Danny, the son, is a solitary child, with an imaginary friend, Timmy, in his right index finger. The departing chef, Dick Hallorann (Scatman Crothers - what a name!), shares his powers of perception and intuition. They are both people, he says, who "shine". Timmy tells Danny bad things about the hotel, about room 237, and Danny starts to see visions of the two murdered daughters and a river of blood flowing down the corridors as he plays, alone, riding along in his tricycle.
Jack, too, begins to break down, acting harshly towards Wendy and later threatening to "correct" his wife and child after a vision of the former caretaker, Mr Grady, whom he encounters as a waiter at a party in the Gold Room of Jack's now disturbed imagination.
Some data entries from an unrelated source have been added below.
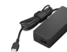
ThinkEdge 65W Wide Temperature AC Adapter(slim tip)-UK/Hong...
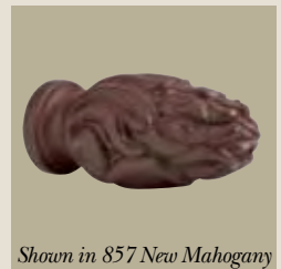
CWB111 Folded Leaf Finial Size: 3" w x 3" h x 7" d For use with 1 3/8" & 2" Poles
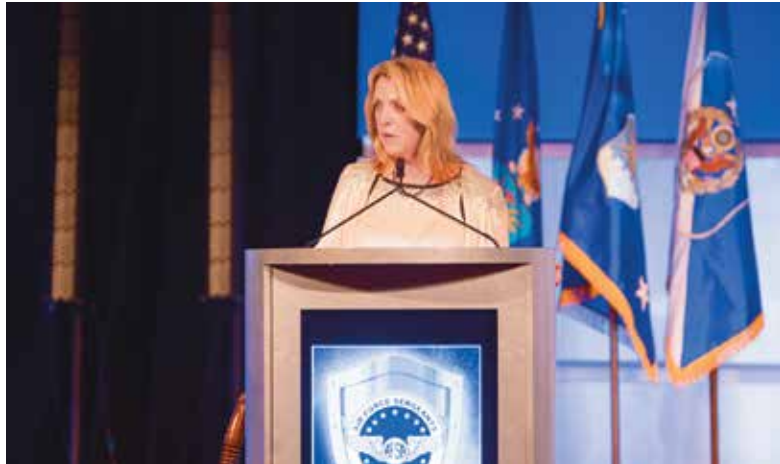
Secretary of the Air Force, The Honorable Deborah Lee James speaks about the success of today's Air Force and the challenges of its future. Secretary James also presented awards at PAC's Honors Banquet.
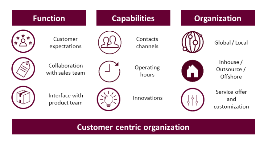
FIGURE 3: ADEQUATE PILLARS WHEN BUILDING A CUSTOMER SERVICE OFFER
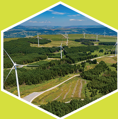
Energy & Carbon Management
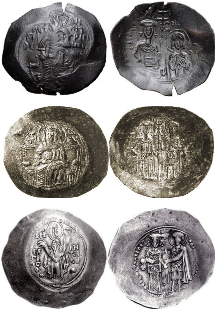
2. His father in law Theodore Komnenos Doukas Angelos (1215–1230).
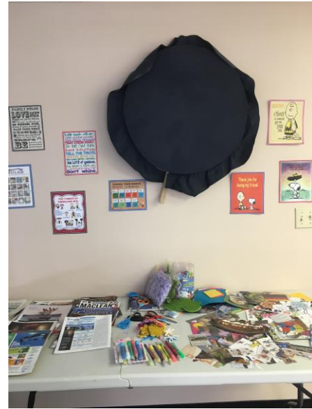
Ihuaqtikhat uvanga Aqnarutit Uqatiaqngiginik Hanauyaattut hulijutayuyumi

ilihaqviani ayuuniqaqtut 10-mik ilihagtut uqavvigiyaahimaliqtuq aaniaqnaqmitunik inuqatiriigutunik auyamilu hulijutunik atuqhimayumi Niqiliqvikmi pikipagaayuq aqnarutinit 8-nit 12-mut ukiuqaqtunit taiyauyuq Aqnarutit Uqatiaqngiginik Hanauyaattut . Atuqtilugu havaaq, uqauhiqaqtut hunanik aaniaqnaqnitunik inuqatiriigutunik ilanariyamiknik qatangutimikniklu. Taja havaqatiqaqtut nunagiyayuyumi aaniqnaqnit qimaaviknik munaqhvilitik Aqnat Ikayuqtauniginik Piqatiriinit Aipiutiguraagat Hitamiummilu uubluumaat.

As ever with Kubrick, the film is beautifully shot, with breathtaking helicopter aeriel views of Jack's car winding its way through the Rockies over the opening credits (look out for the helicopter's shadow!). The rest of the film is shot on very sumptuous and realistic sets in Elstree Studios, England. The empty hotel, with echoes of the life out of season and its threatening maze outside, is a character in itself.
The soundtrack is particularly chilling: harsh, disonant strings rarely let you relax and can be really quite frightening when paired with the visuals. There is something Omen-like about the steadicam shots of Danny on his trike, wheeling down the empty corridors, not slowing down as he rounds the corners. One always expects something to jump out and scare him (and us!) on the other side.
This edition of the DVD includes Making "The Shining", a documentary shot by Kubrick's then seventeen-year-old daughter, Vivian, much more interesting and revealing than the typical big studio Making ofs. Shelley Duval is made to look like an awful prima donna attention-seeker, jealous of Nicholson's charisma and popularity (but then the rumour is that Kubrick made her do 127 takes for a single shot! Looky here on IMDb for some more interesting trivia). Nicholson himself says that the average celebrity meets in one year ten times the number of people an ordinary person meets in their lifetime. The film suggests that Kubrick was not always easy to work with, that he didn't always want his actors even to contribute their ideas; but they nevertheless respect him afterwards - and he certainly produced tremendous (and in this case very successfully scary) films.
Nugget: features one of the most famous images and soundbites in cinema: Nicholson's demented "Heeeere's Johnny!" with head showing through an axe-hewn door - also rumoured to be improvised.